___ Recorded information ___

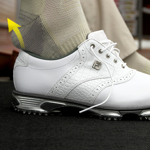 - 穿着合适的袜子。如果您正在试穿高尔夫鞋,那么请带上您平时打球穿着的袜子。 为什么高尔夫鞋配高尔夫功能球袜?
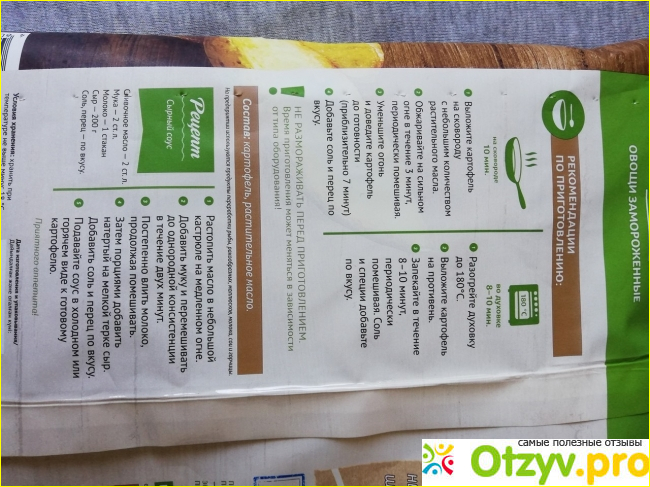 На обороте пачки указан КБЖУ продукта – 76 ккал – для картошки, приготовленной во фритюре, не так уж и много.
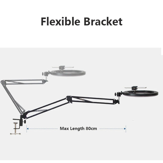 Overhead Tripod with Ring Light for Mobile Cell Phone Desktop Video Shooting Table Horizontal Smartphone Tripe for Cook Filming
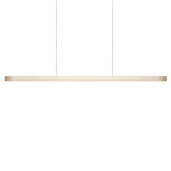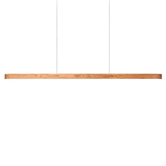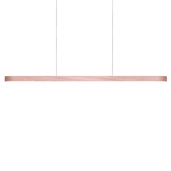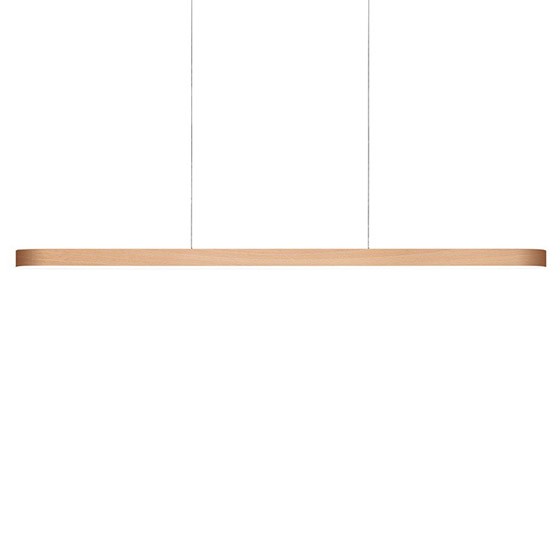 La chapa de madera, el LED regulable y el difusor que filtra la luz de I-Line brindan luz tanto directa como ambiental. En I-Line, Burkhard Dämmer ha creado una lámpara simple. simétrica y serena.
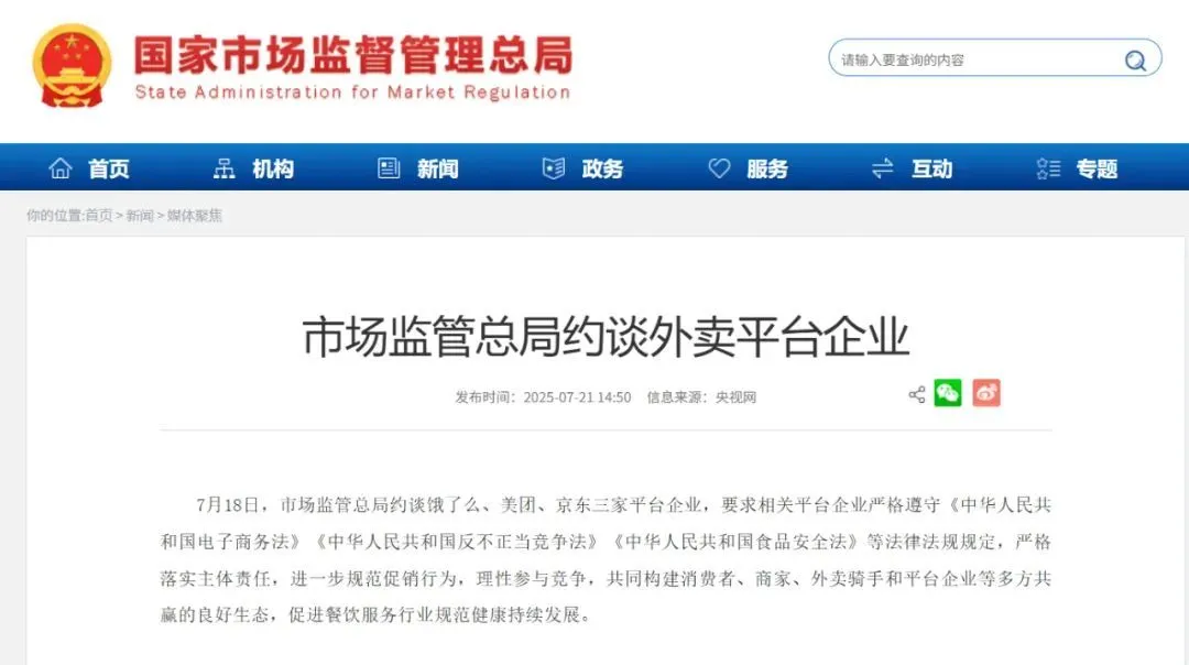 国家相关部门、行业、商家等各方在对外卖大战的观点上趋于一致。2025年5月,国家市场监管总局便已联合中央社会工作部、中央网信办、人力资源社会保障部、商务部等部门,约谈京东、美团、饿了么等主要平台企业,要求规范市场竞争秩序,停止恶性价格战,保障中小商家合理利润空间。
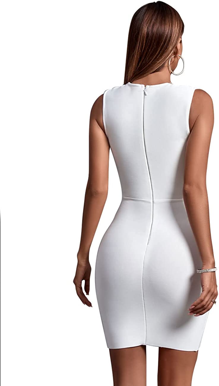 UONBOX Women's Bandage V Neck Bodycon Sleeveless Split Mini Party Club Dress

___

Required work: Please print an exact copy of the records, with no pictures.

Answer to this problem:
 - 穿着合适的袜子。如果您正在试穿高尔夫鞋,那么请带上您平时打球穿着的袜子。 为什么高尔夫鞋配高尔夫功能球袜?
 На обороте пачки указан КБЖУ продукта – 76 ккал – для картошки, приготовленной во фритюре, не так уж и много.
 Overhead Tripod with Ring Light for Mobile Cell Phone Desktop Video Shooting Table Horizontal Smartphone Tripe for Cook Filming
 La chapa de madera, el LED regulable y el difusor que filtra la luz de I-Line brindan luz tanto directa como ambiental. En I-Line, Burkhard Dämmer ha creado una lámpara simple. simétrica y serena.
 国家相关部门、行业、商家等各方在对外卖大战的观点上趋于一致。2025年5月,国家市场监管总局便已联合中央社会工作部、中央网信办、人力资源社会保障部、商务部等部门,约谈京东、美团、饿了么等主要平台企业,要求规范市场竞争秩序,停止恶性价格战,保障中小商家合理利润空间。
 UONBOX Women's Bandage V Neck Bodycon Sleeveless Split Mini Party Club Dress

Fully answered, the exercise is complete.